- _WHAT TO PRODUCE_:
Pictures stay out of the copy. Repeat exactly the lines from the first entry below through the line that contains "金寨所产的石斛鲜条咀嚼时粘粘", and nothing beyond.

- _SUPPLIED MATERIAL_:
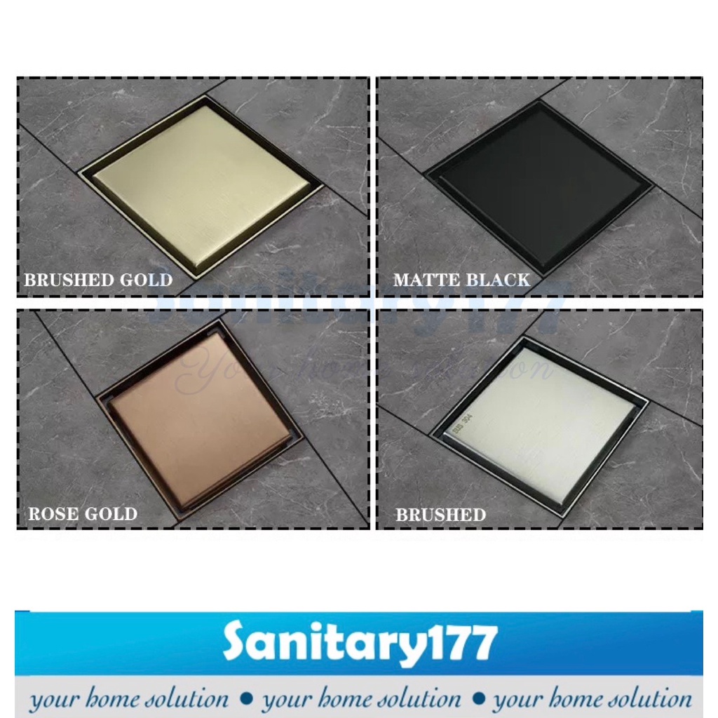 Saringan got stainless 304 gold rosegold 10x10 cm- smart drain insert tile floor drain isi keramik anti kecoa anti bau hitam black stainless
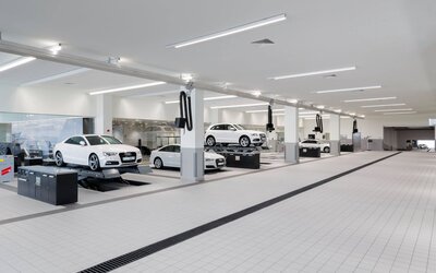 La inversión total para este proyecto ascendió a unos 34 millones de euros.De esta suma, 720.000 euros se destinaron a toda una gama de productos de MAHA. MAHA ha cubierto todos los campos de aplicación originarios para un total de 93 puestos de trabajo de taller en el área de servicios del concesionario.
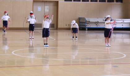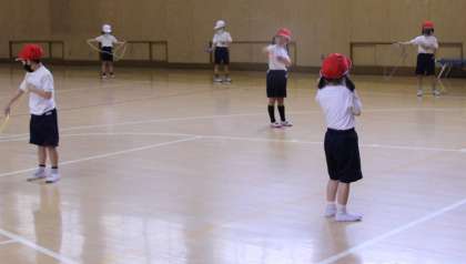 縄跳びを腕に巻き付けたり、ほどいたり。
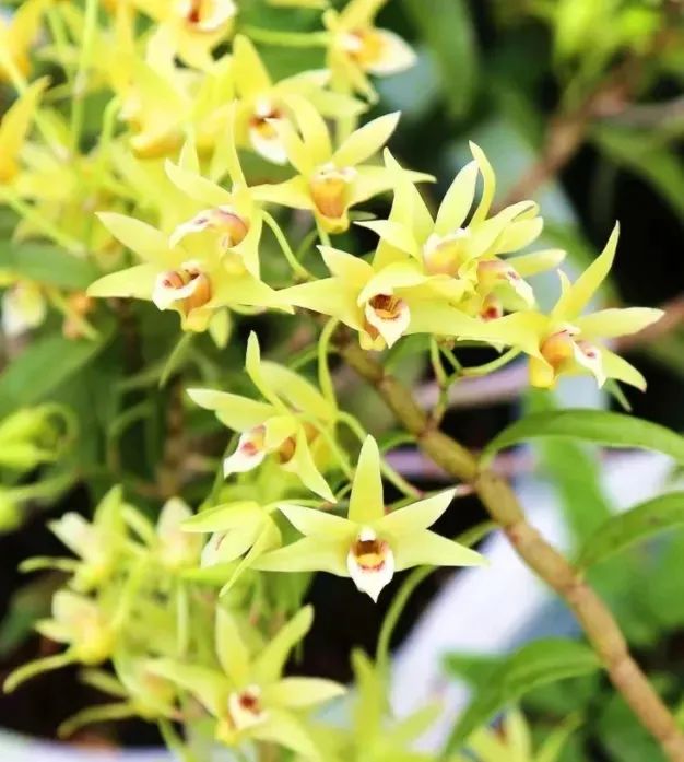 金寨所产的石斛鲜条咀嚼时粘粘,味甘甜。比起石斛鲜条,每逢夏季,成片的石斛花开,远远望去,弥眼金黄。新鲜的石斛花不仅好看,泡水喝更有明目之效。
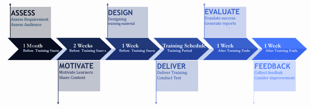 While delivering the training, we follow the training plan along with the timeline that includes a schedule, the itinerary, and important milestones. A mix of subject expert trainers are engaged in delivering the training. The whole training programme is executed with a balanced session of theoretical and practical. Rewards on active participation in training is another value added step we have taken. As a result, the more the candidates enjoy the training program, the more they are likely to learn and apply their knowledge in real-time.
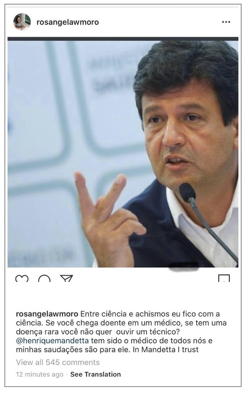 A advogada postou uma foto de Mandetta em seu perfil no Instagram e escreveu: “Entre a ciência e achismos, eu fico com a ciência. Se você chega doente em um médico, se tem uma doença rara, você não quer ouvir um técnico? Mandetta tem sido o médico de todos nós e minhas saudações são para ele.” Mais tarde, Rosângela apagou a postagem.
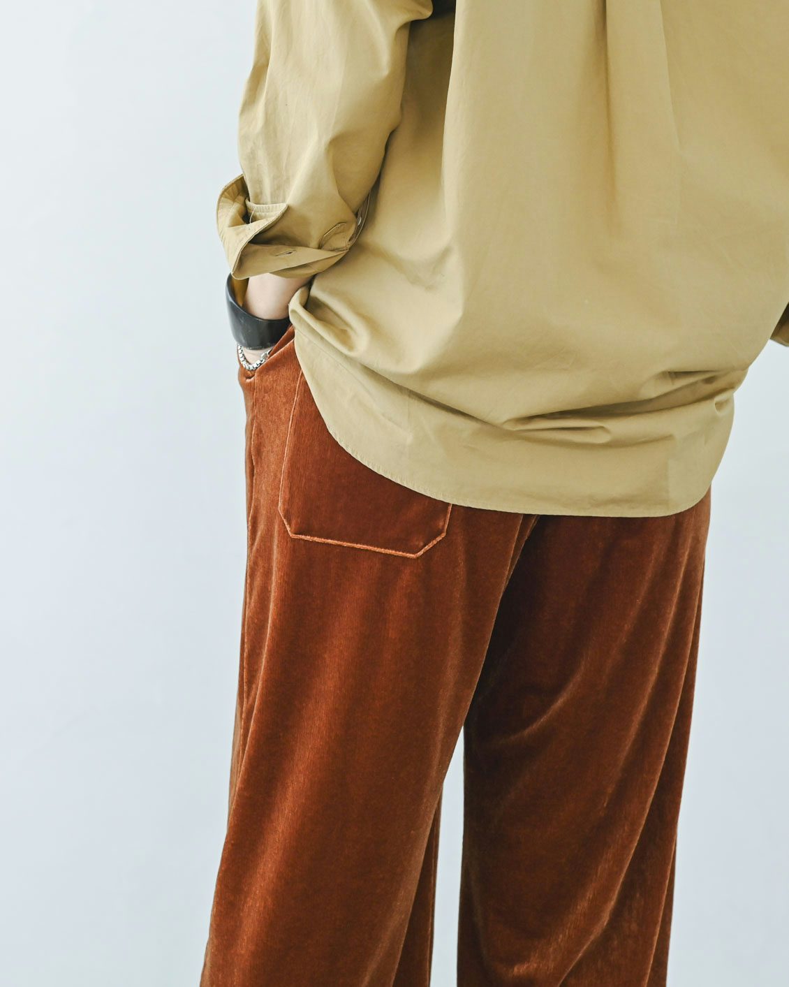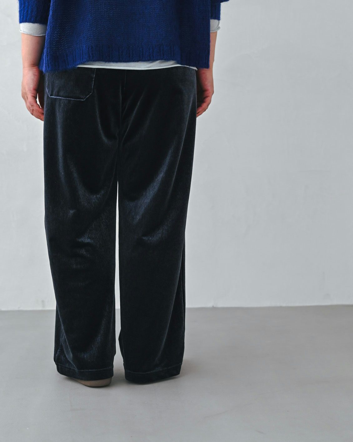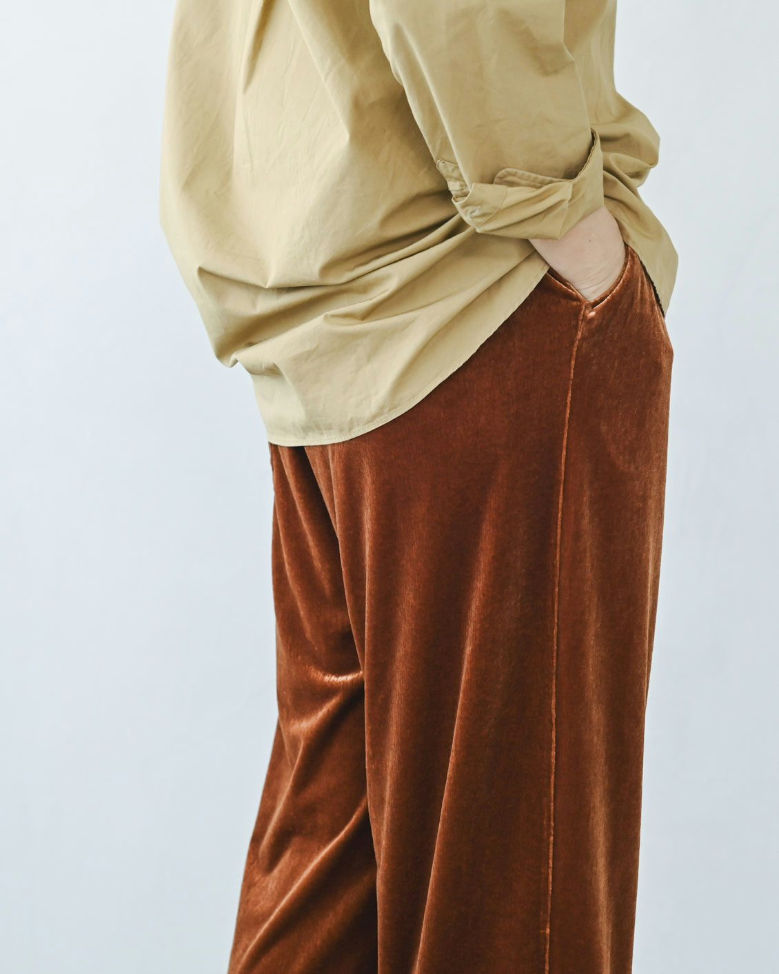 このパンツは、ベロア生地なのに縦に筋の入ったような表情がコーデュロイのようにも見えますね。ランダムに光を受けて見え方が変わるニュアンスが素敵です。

- _OUTPUT OF THE TASK_:
 Saringan got stainless 304 gold rosegold 10x10 cm- smart drain insert tile floor drain isi keramik anti kecoa anti bau hitam black stainless
 La inversión total para este proyecto ascendió a unos 34 millones de euros.De esta suma, 720.000 euros se destinaron a toda una gama de productos de MAHA. MAHA ha cubierto todos los campos de aplicación originarios para un total de 93 puestos de trabajo de taller en el área de servicios del concesionario.
 縄跳びを腕に巻き付けたり、ほどいたり。
 金寨所产的石斛鲜条咀嚼时粘粘,味甘甜。比起石斛鲜条,每逢夏季,成片的石斛花开,远远望去,弥眼金黄。新鲜的石斛花不仅好看,泡水喝更有明目之效。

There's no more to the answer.